The input START

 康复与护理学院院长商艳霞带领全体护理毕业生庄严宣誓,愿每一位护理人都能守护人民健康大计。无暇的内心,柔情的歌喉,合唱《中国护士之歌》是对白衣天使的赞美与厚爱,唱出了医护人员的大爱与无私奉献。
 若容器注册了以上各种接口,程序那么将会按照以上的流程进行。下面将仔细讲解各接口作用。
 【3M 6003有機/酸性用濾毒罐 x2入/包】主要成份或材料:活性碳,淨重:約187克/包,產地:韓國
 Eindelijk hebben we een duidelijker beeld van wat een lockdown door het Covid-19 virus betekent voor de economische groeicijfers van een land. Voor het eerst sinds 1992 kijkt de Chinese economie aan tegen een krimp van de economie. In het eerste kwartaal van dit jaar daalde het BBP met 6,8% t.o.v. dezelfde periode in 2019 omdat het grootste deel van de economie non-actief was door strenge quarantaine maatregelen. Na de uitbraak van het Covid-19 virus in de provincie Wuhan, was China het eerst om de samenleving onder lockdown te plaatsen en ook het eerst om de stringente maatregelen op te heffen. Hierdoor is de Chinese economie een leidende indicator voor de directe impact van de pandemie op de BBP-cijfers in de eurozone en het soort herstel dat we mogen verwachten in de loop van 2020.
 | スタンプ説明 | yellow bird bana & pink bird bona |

The input END
The input START

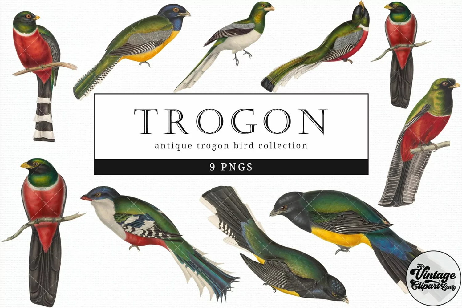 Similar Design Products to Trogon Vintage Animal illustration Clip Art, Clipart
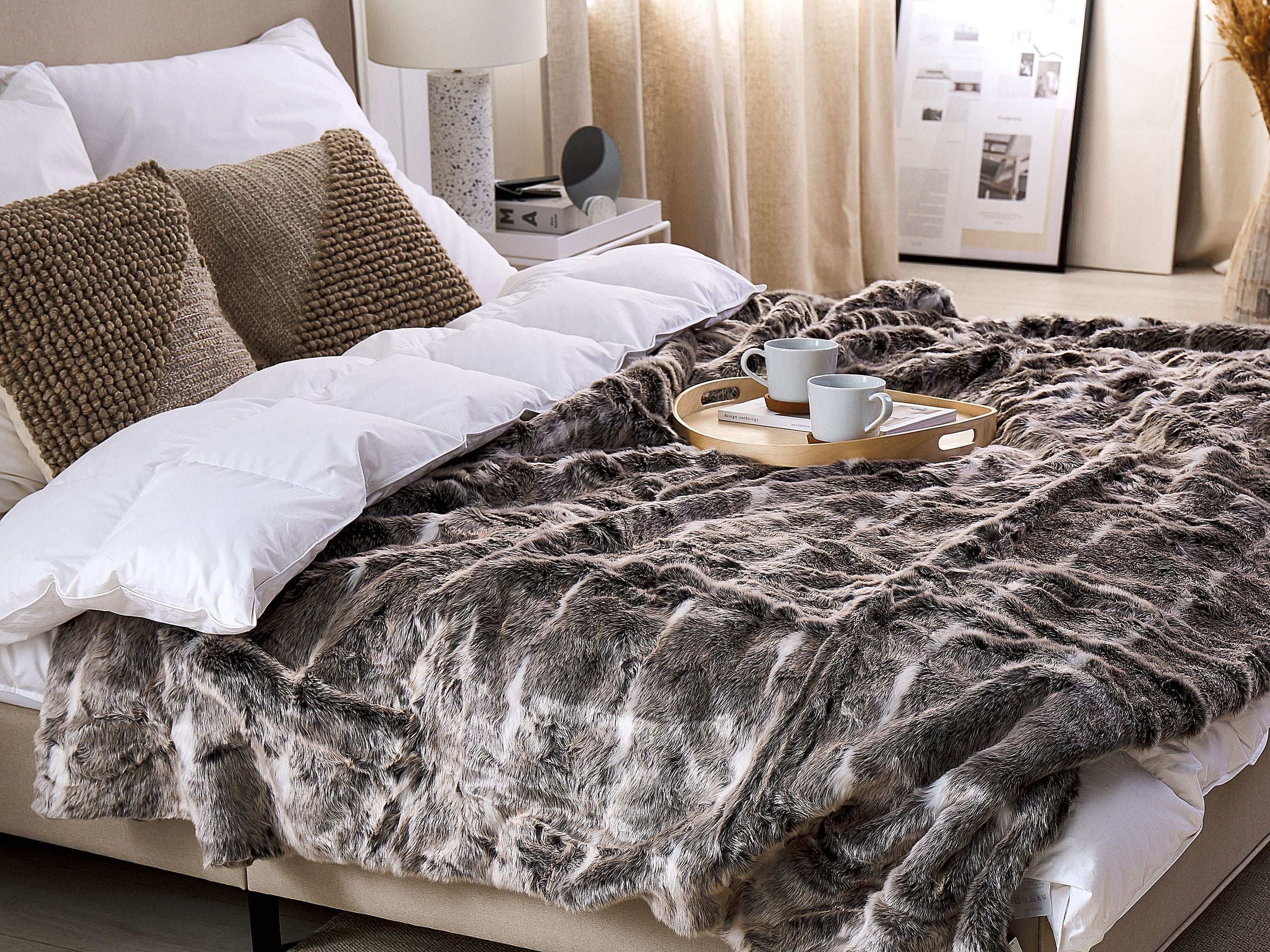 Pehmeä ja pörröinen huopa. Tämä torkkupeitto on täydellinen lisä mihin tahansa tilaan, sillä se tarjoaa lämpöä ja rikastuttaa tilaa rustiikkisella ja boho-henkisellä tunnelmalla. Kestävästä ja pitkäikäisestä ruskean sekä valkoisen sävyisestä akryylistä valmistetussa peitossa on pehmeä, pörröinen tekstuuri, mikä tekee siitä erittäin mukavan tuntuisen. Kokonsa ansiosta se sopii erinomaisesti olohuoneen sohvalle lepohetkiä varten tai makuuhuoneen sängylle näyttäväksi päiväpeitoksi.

The input END
The input START

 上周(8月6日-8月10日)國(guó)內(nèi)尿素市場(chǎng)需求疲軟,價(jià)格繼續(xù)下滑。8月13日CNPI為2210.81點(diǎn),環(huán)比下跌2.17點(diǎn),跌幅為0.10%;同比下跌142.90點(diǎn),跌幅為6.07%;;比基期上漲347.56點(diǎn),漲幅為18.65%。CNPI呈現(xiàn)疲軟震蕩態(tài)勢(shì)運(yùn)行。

The input END

◆ Exercise aim
Retype only the lines above from the one with "Similar Design Products" through the one with "Pehmeä ja pörröinen", exactly and with both ends. Images stay out.

◆ Response area
 Similar Design Products to Trogon Vintage Animal illustration Clip Art, Clipart
 Pehmeä ja pörröinen huopa. Tämä torkkupeitto on täydellinen lisä mihin tahansa tilaan, sillä se tarjoaa lämpöä ja rikastuttaa tilaa rustiikkisella ja boho-henkisellä tunnelmalla. Kestävästä ja pitkäikäisestä ruskean sekä valkoisen sävyisestä akryylistä valmistetussa peitossa on pehmeä, pörröinen tekstuuri, mikä tekee siitä erittäin mukavan tuntuisen. Kokonsa ansiosta se sopii erinomaisesti olohuoneen sohvalle lepohetkiä varten tai makuuhuoneen sängylle näyttäväksi päiväpeitoksi.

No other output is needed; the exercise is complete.